◆ Data below:

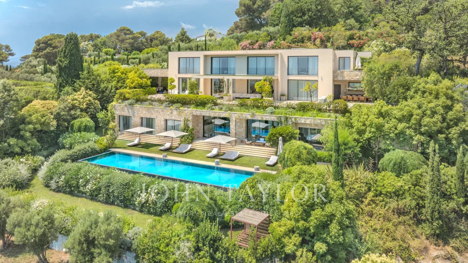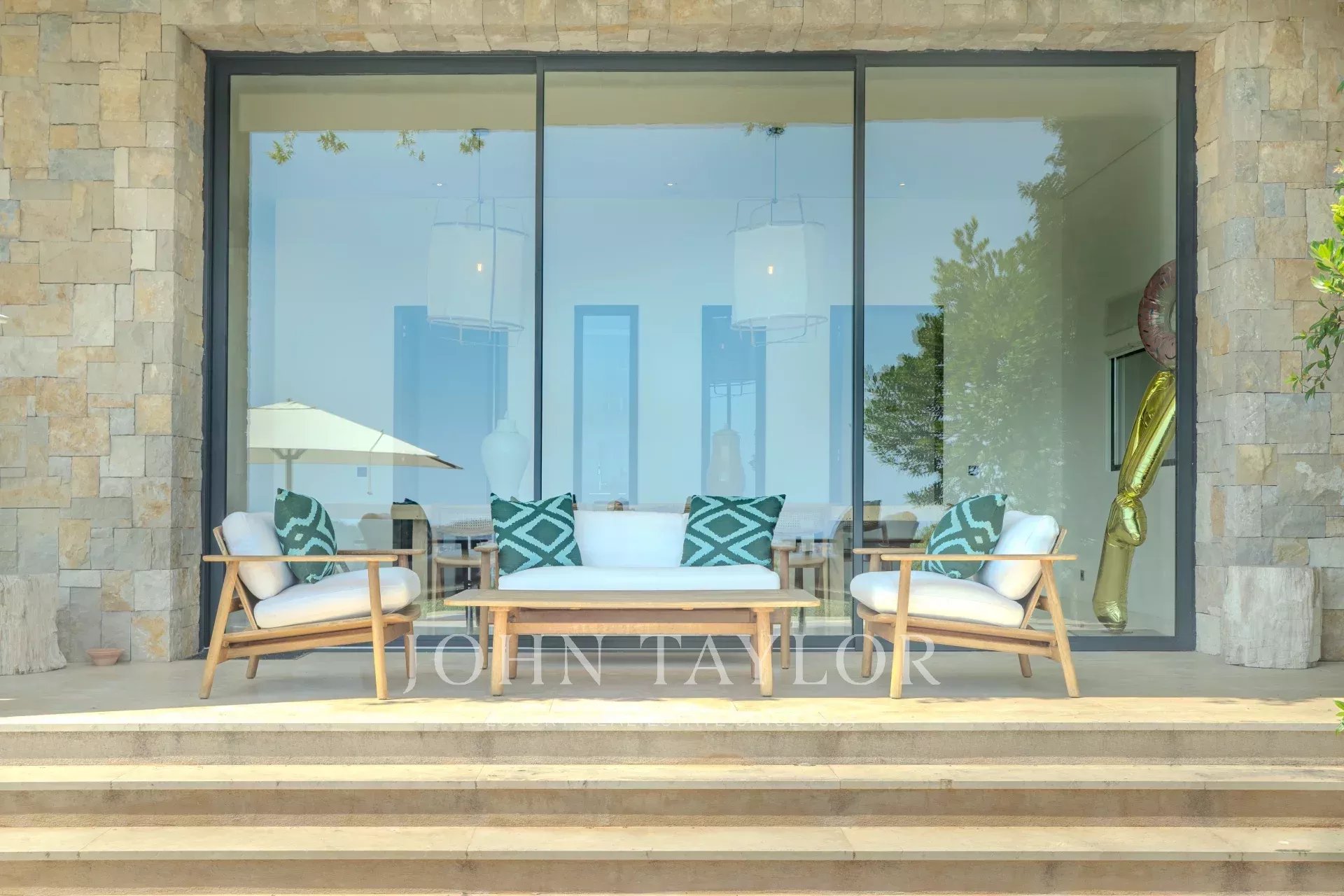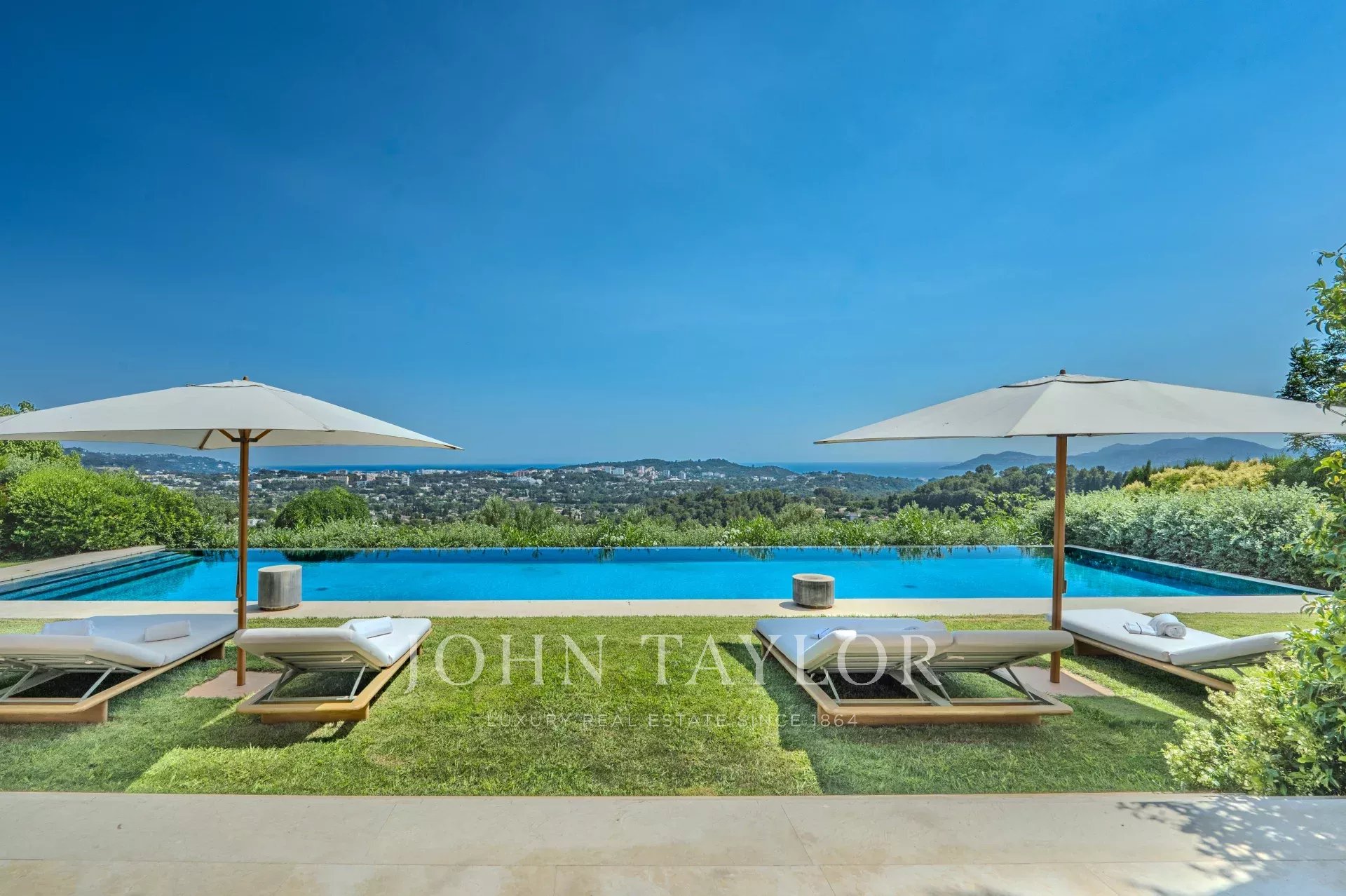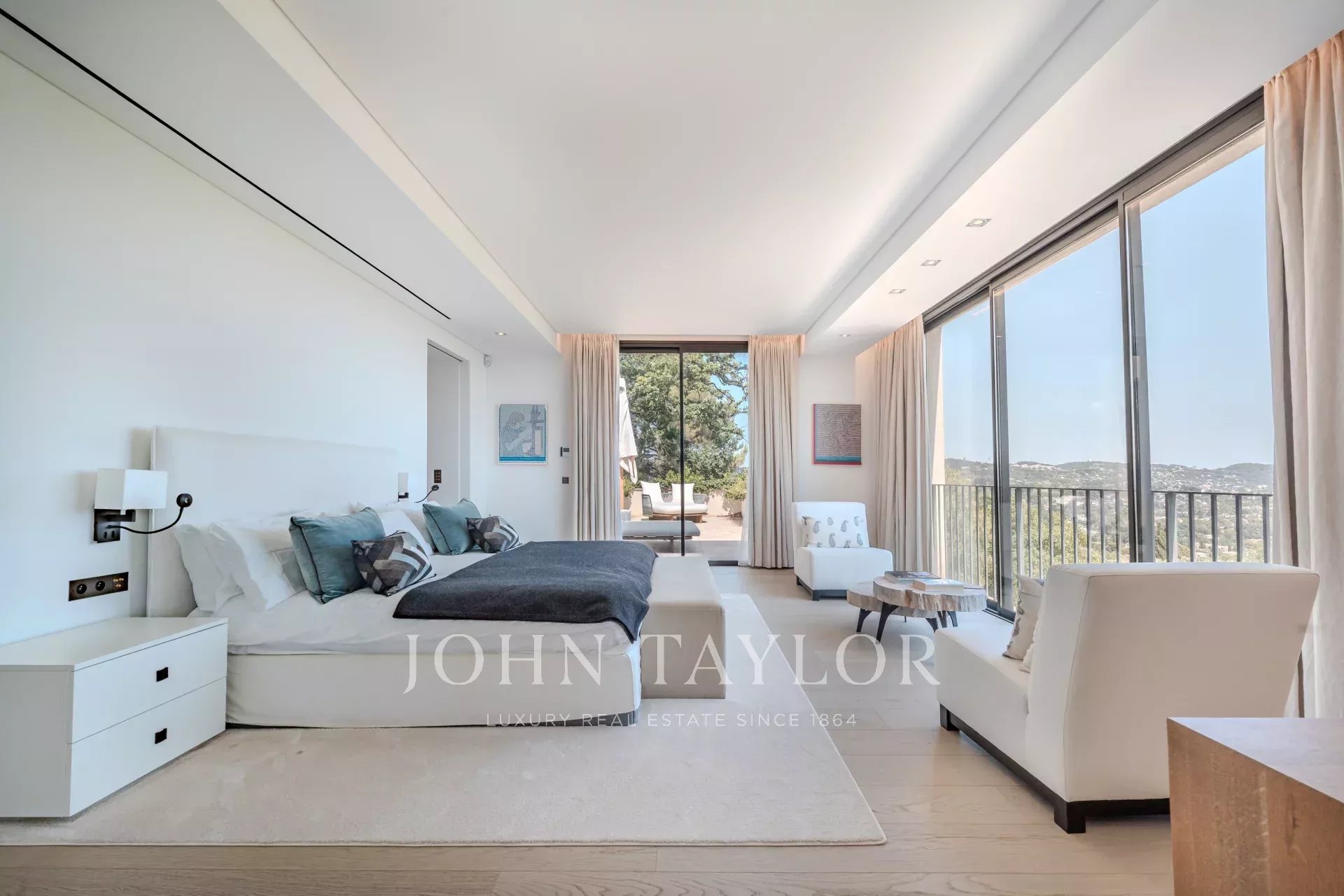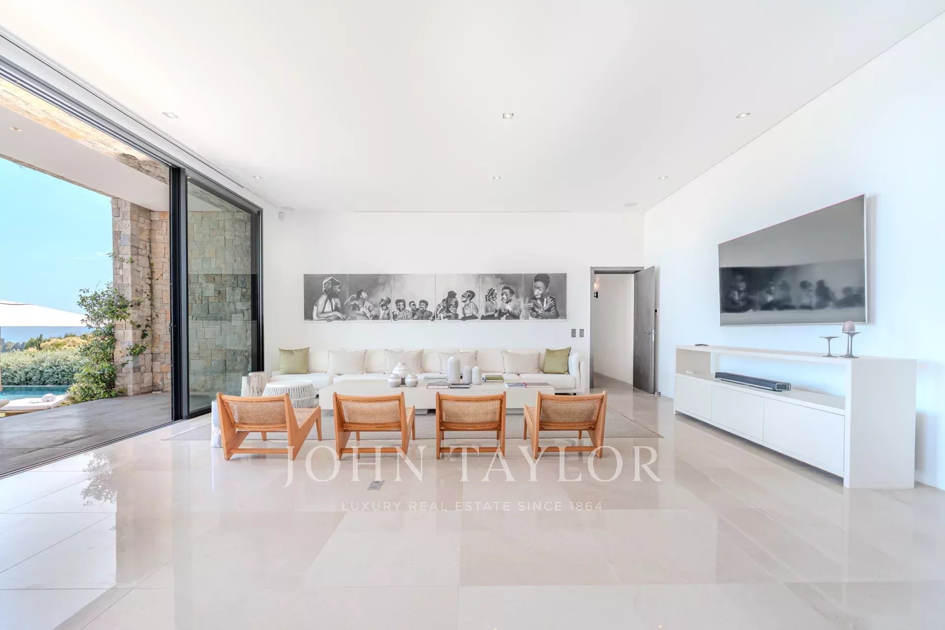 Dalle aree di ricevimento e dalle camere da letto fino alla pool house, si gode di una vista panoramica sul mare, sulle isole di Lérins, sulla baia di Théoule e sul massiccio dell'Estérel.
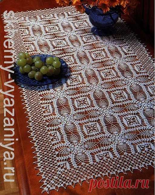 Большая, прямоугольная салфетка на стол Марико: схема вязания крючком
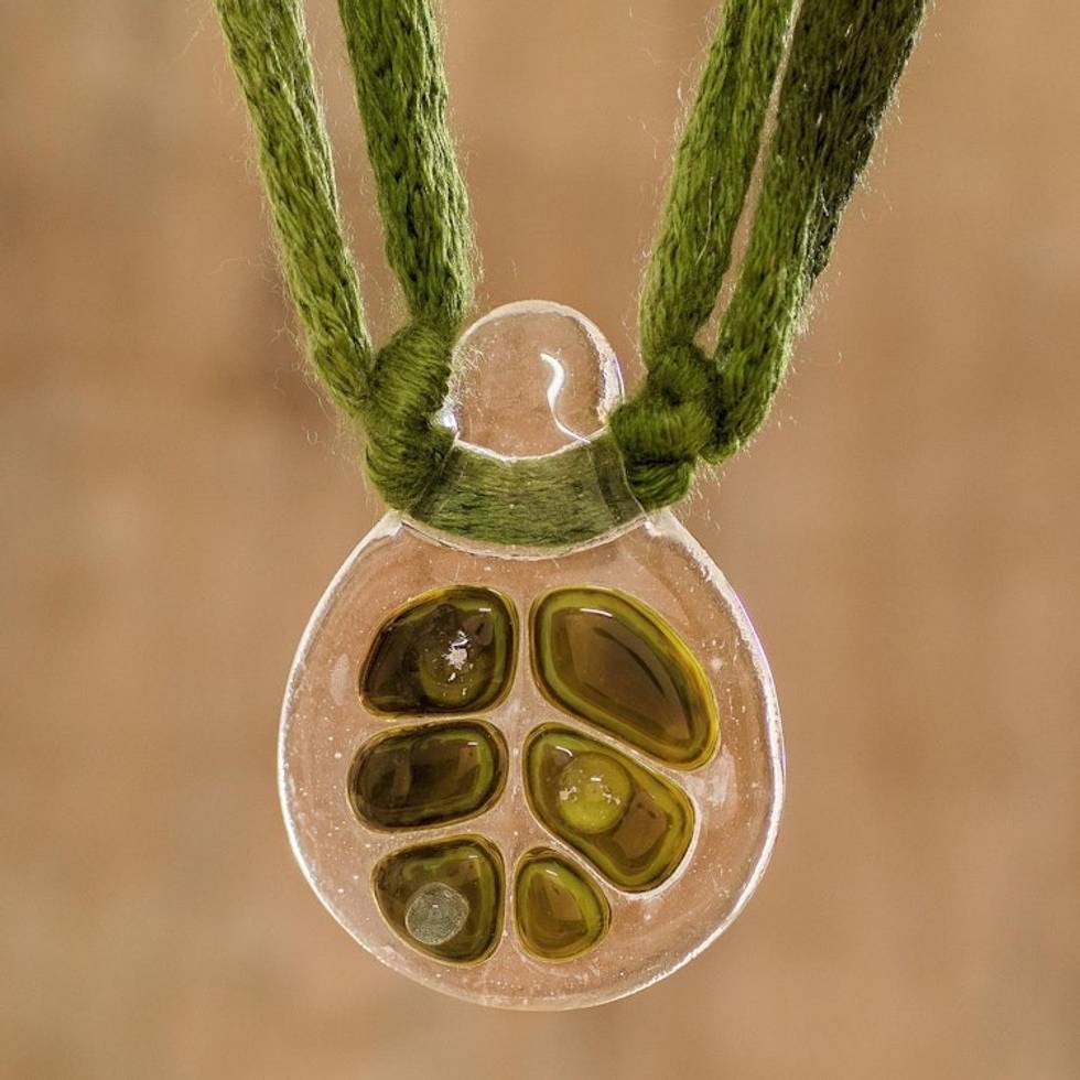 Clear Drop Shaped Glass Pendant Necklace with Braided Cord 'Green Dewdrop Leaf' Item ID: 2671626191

◆ What this task involves:
Without including any pictures, reproduce the data exactly.

◆ Output for this task:
 Dalle aree di ricevimento e dalle camere da letto fino alla pool house, si gode di una vista panoramica sul mare, sulle isole di Lérins, sulla baia di Théoule e sul massiccio dell'Estérel.
 Большая, прямоугольная салфетка на стол Марико: схема вязания крючком
 Clear Drop Shaped Glass Pendant Necklace with Braided Cord 'Green Dewdrop Leaf' Item ID: 2671626191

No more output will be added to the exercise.